From the first line of the listing below to the line with "On their final", print each line exactly, and nothing more. Leave out the pictures.
━━ Provided data ━━
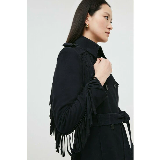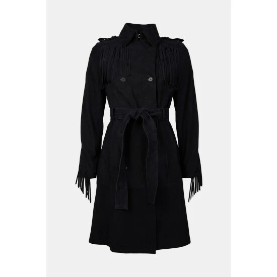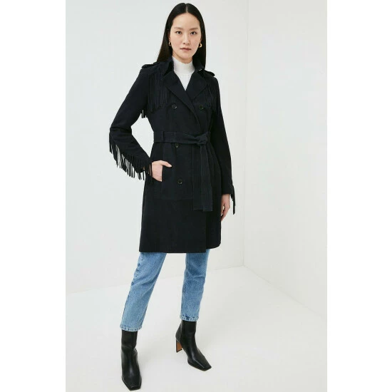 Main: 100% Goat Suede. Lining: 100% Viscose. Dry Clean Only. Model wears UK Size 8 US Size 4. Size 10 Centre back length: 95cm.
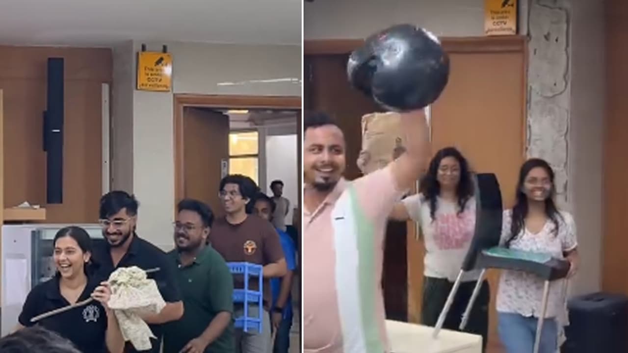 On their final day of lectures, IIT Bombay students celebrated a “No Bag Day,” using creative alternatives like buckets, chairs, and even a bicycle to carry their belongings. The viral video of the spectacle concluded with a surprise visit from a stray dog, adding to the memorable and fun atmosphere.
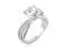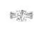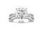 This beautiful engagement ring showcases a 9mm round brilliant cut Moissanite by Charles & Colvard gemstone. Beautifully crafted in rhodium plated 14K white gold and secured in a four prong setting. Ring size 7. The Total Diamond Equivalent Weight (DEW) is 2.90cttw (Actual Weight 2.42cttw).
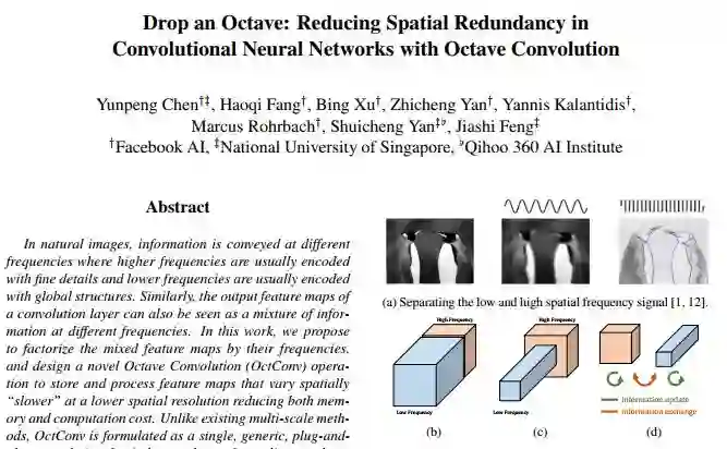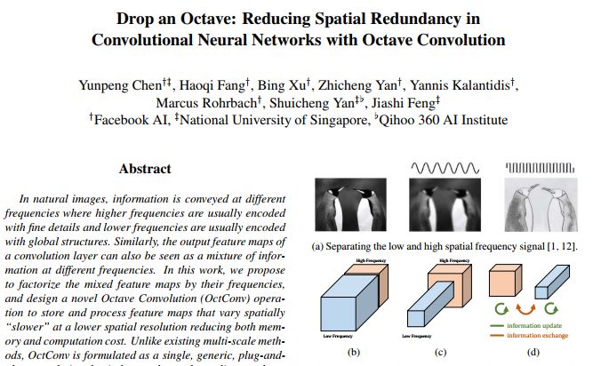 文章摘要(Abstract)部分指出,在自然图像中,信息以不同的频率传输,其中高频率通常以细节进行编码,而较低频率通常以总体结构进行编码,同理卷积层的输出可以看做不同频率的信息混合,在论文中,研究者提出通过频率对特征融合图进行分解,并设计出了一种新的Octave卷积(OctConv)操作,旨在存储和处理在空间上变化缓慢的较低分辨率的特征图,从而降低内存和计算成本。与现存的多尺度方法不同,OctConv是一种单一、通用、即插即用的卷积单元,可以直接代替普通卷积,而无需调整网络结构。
━━━
Solution:
 Main: 100% Goat Suede. Lining: 100% Viscose. Dry Clean Only. Model wears UK Size 8 US Size 4. Size 10 Centre back length: 95cm.
 On their final day of lectures, IIT Bombay students celebrated a “No Bag Day,” using creative alternatives like buckets, chairs, and even a bicycle to carry their belongings. The viral video of the spectacle concluded with a surprise visit from a stray dog, adding to the memorable and fun atmosphere.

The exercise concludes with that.